Handgeschept, authentiek en naar ‘traditioneel recept’: bakkerijen doen er alles aan om consumenten het gevoel te geven dat ze gezond bezig zijn. Maar dat blijkt vies tegen te vallen. Veel van de zogenaamd ‘ambachtelijke’ broden van bakkerijketens zijn namelijk een stuk zouter dan wettelijk is toegestaan, blijkt uit onderzoek van de Consumentenbond
De Consumentenbond bekeek het zoutgehalte in als ‘ambachtelijk’ verkochte broden van tien bakkerijketens. Bijvoorbeeld een ‘Authentiek meergranen’ brood, of een ‘Brood van toen spelt’. Bij elke keten werd van drie broodsoorten het zoutgehalte gemeten. Van die dertig onderzochte broden zaten er dertien boven en vijf op de wettelijke zoutnorm voor brood van 1,8 procent. De zoutste broden vond men bij het Vlaamsch Broodhuys en bakkerij vanmenno: alle drie de onderzochte broden zaten daar boven de norm. Het Grand-mère wit van Vlaamsch Broodhuys bevat zelfs 0,8 gram zout per snee, wat neerkomt op een zoutgehalte van 2,3 procent.
Zoutgehalte
Nederlandse consumenten krijgen per dag gemiddeld 9 gram zout binnen, terwijl het advies is om maximaal 6 gram zout te eten. 80 procent van die zoutinname zit in producten waar door fabrikanten al zout aan is toegevoegd, waaronder brood.

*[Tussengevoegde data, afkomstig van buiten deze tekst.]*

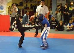 V sobotu 12.1.2013 se rozjelo v Praze první kolo SAP ligy v Kickboxu. Pro Martina Tasutije (žáci do 32 kg - Light contact), to byly první zápasy. V nich se ukázal jako rychlý a technický borec. Nebál se jít do velmi rychlých střetů a první zápas s přehledem vyhrál. Ve dvou dalších postupových kolech trochu zapomínal na techniky nohou a to jej nakonec odsunulo na 4. místo. Přesto byl nejtechničtější z našich závodníků. Martin Jícha (LC žáci - do 47 kg) sice v prvním kole prohrál. Bylo to však se závodníkem, který měl závodit v kategorii nad 47 kg. Bez jakékoli konzultace s kouči, jej organizátor klidně dal do nižší váhovky. A to je trochu podpásovka.Tohle by se na žádných závodech nemělo stát. Zvláště nás to namíchlo z hlediska toho, že Martin Jícha se závodů účastnil poprvé a jeho soupeř jezdí na závody druhým rokem. Nicméně se Martin přes baráž dostal až na třetí místo. V juniorech jsme měli Jakuba Kutíka. V Lightcontactu do 84 kg získal druhé místo a exceloval v Kicklightu do 84 kg, kde se přehledem umístil na první příčce. Tedy všichni tři naši závodníci prošli prvními zápasy a bude to jejich veliká zkušenost. Samozřejmě, že i pro trenéra - jak je vést dál v tomto chlapském sportu. Celková organizace byla dobrá. Rozhodčí všichni na jedničku. Jen škoda, že nebyla alespoň dvě zápasová místa. Vše by rychleji "vodsejpalo".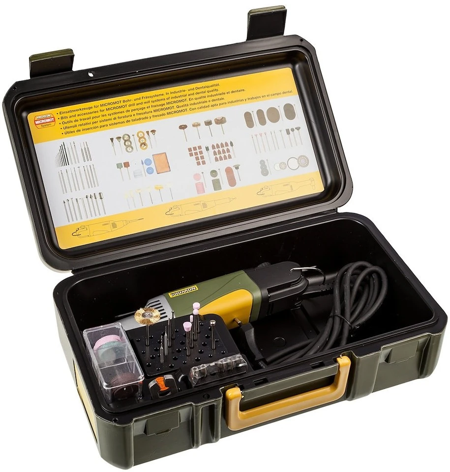 Lieferumfang:1 x Industrie-Bohrschleifer Proxxon IBS/E34 x Einsatzwerkzeug Proxxon1 x Kunststoffkoffer Proxxon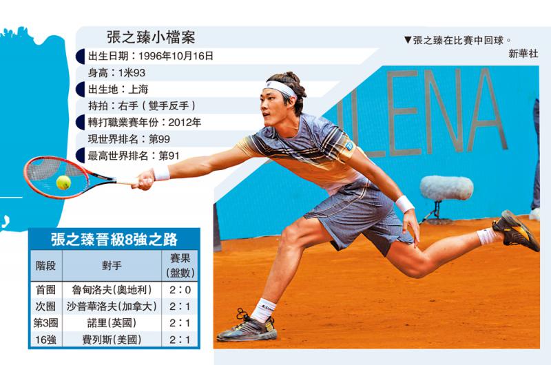 【大公报讯】据新华社报道:又一次逆风翻盘,又一次创造历史!在2日马德里网球公开赛男单16强的比赛中,张之臻以盘数2:1的总比分,逆转8号种子美国的费列斯,成为历史上首位挺进大师赛8强的中国大陆男网选手。(NOW636台今晚7时直播赛事)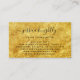 Élégante Calligraphie Script Swash Black Gold Texture Carte de visite. Carte de visite professionnel élégant et élégant avec nom de script de calligraphie sophistiqué avec des swashes en noir sur un arrière - plan de texture or). MODIFICATIONS : Modifiez le style, la couleur, la taille et le placement de la police de texte dans EDIT. ASSISTANCE : Pour obtenir de l'aide sur la modification de la conception, le transfert de la conception à un autre produit ou si vous souhaitez coordonner des éléments, contactez le concepteur AVANT DE COMMANDER via l'onglet MESSAGE Conversation Zazzle ou envoyez un courriel à makeitaboutyoustore@gmail.com.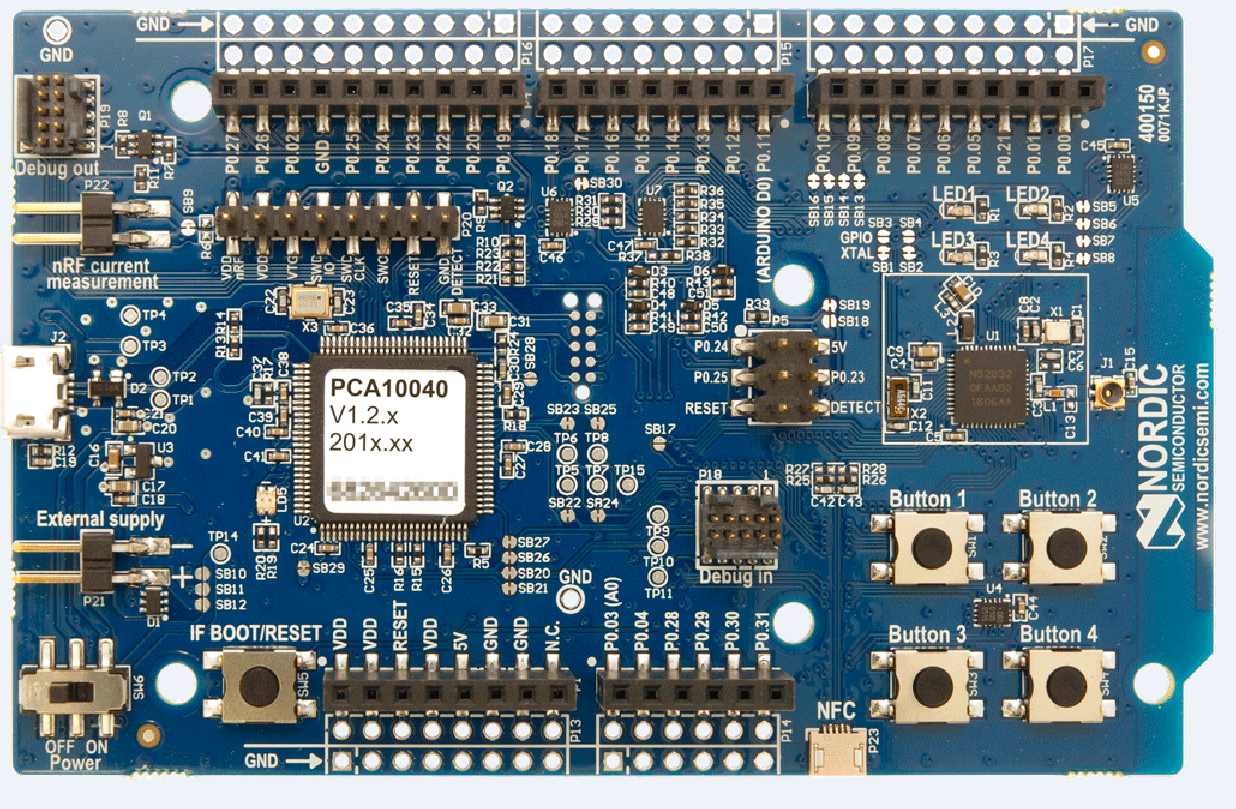 开发板更多详细信息请参考NORDIC官方PCA10040
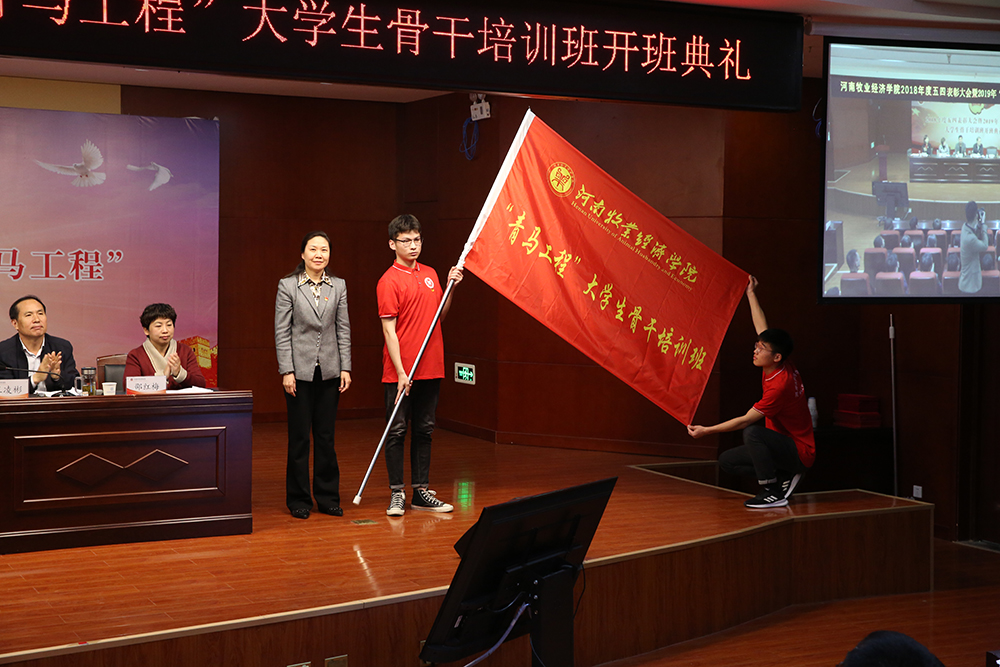 杨志清为本期“青马工程”大学生骨干培训班授旗。

Zeven jaar geleden nam de bakkerijbranche zelf het initiatief om het zoutgehalte in broden stapsgewijs terug te brengen, zodat consumenten geleidelijk konden wennen aan de smaak. In 2009 werd het maximaal toegestane zoutgehalte voor brood verlaagd naar 2,5 procent naar 2,1 procent, om in 2013 nog verder te dalen naar 1,8 procent. Uit onderzoek van de Consumentenbond in de afgelopen drie jaar blijkt dat supermarkten zich over het algemeen goed aan deze norm houden: in slechts vier van de zeventig onderzochte broden werd toen te veel zout gevonden.
Volgens de Consumentenbond hebben de meeste bakkerijketens inmiddels toegezegd naar aanleiding van het onderzoek hun receptuur aan te passen.